The sort of people the foreign powers are willing to deploy, to shut up the Syrian populace and prevent any further spread of the Arab Spring, is deeply telling however. Up until just this month, head of the Arab League observer mission was Mustafa al-Dabi, the Sudanese military official in post in Darfur whilst the genocide was going on. When the Western nations intervene, or the Arab League intervenes, the purpose will not be to limit civilian deaths, it will be to achieve an outcome satisfactory to those governments.

Moreover, looking at the sort of people likely to attempt to take control of Syria. Another unelected unaccountable trigger-happy transitional authority will simply release the same pressures as it released in Libya – and will thereafter pursue the same policies as Assad, perhaps resulting in worse casualties should any region or ethnic group dare to assert its separatist demands. By the time that happens, we’ll be lucky if there’s a Western media presence never mind a military presence.

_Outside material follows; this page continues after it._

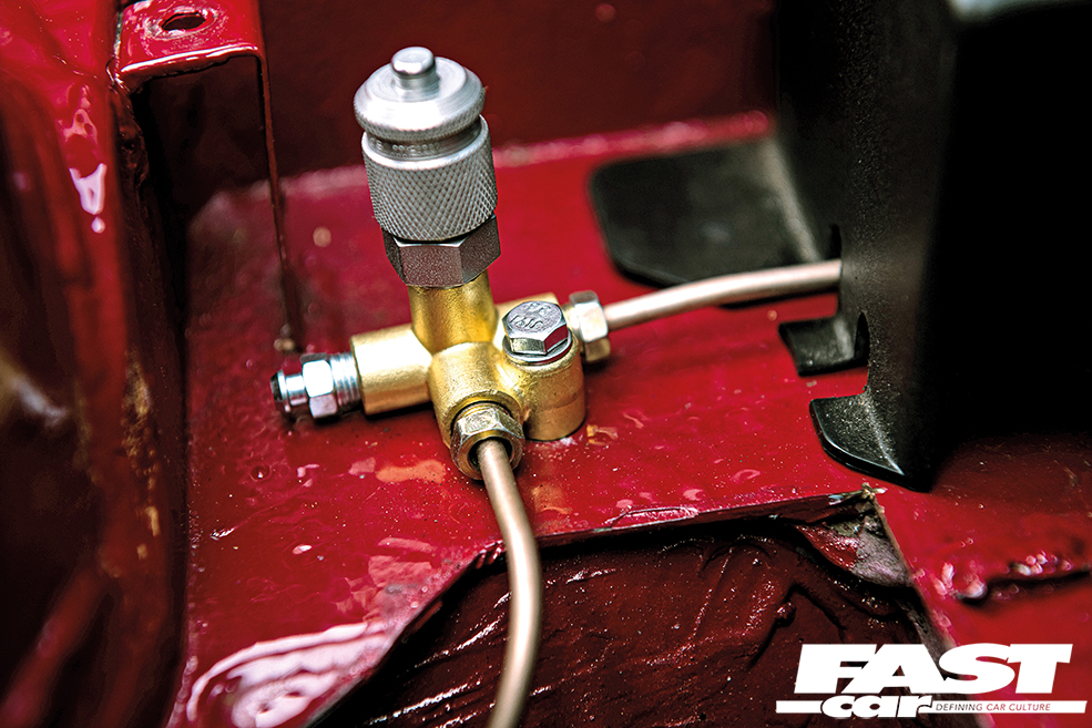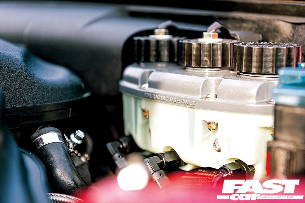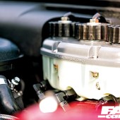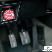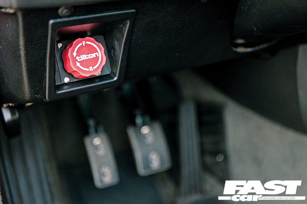 The chassis has obviously undergone some serious upgrades to ensure that it can cope with all the power and torque from that mighty V10, both ensuring that the car can effectively deploy it all to the tarmac as well being fun to drive. “The front suspension has been rebuilt last winter with rebuilt coilovers, poly bushes, engine mounts and a front subframe fabricated by me,” says Keith and this little lot has combined to deliver sharp and precise handling that makes this M3 even more of a blast to drive than the stock car, and it ensures the chassis is tight and more than capable of dealing with that monster power output. Big power also demands big brakes because, light as the E30 may be, with over 500hp on tap you’re going to be arriving at corners that much faster and so they’re absolutely an essential part of the package, and this M3 boasts some serious stopping power. “The brakes have been through a few changes,” Keith tells us, “last year I ripped out my previous efforts and installed a Tilton pedal box, E46 M3 325mm front discs with refurbished E31 front four-pot Brembos, while the rear has 296mm vented discs with Porsche four-pot Brembos. I’ve also added a bias adjuster and it’s fitted where the headlight adjuster switch would normally sit,” he says and that is an impressively comprehensive and suitably substantial setup. The four-pot calipers front and rear deliver serious stopping power whenever Keith requires it, and they also happen to look seriously sexy and the red calipers match the paintwork perfectly.

Unlike Egypt, but like Libya, the Syrian people have started this with a handicap. They don’t have independent organisations of the working class. But they must develop them. The most we can do is hope on their behalf, and pressure our own governments to both stay aloof and to oppose Arab League intervention. That is not as satisfying perhaps as demanding the immediate bombing of every Syrian military installation in range of the 5th fleet, but that demand is not a solution to the problem – it complicates it. Meanwhile trust the Syrians to feel their way towards the right path. Assad’s continuing trickle of concessions are the surest sign that they will get there.

Meanwhile I wonder if the anti-war movement should be gearing up to oppose military intervention in a conflict closer to home, as it were, as the tension ratchets up over the Falklands again. I’m sure we’ll be hearing all the pro-interventionist piffle about democracy and self-determination on behalf of the islanders, should Argentina invade. As with Belgium in World War I, it is so much hypocritical twaddle in the mouths of capitalist leaders.

Which neatly brings me back to the deeply disturbing thesis. The capitalist state cannot be trusted to wield the military. Capitalist leaders, in their comfortable London drawing rooms, cannot be trusted to put the welfare of people in front of business when there are no lives at stake – why should they be trusted to put the welfare of people in front of what they consider to be the national interest when there are? Hands off Iran, Hands off Syria, Hands off the Falklands and while you’re at it, Hands off the NHS.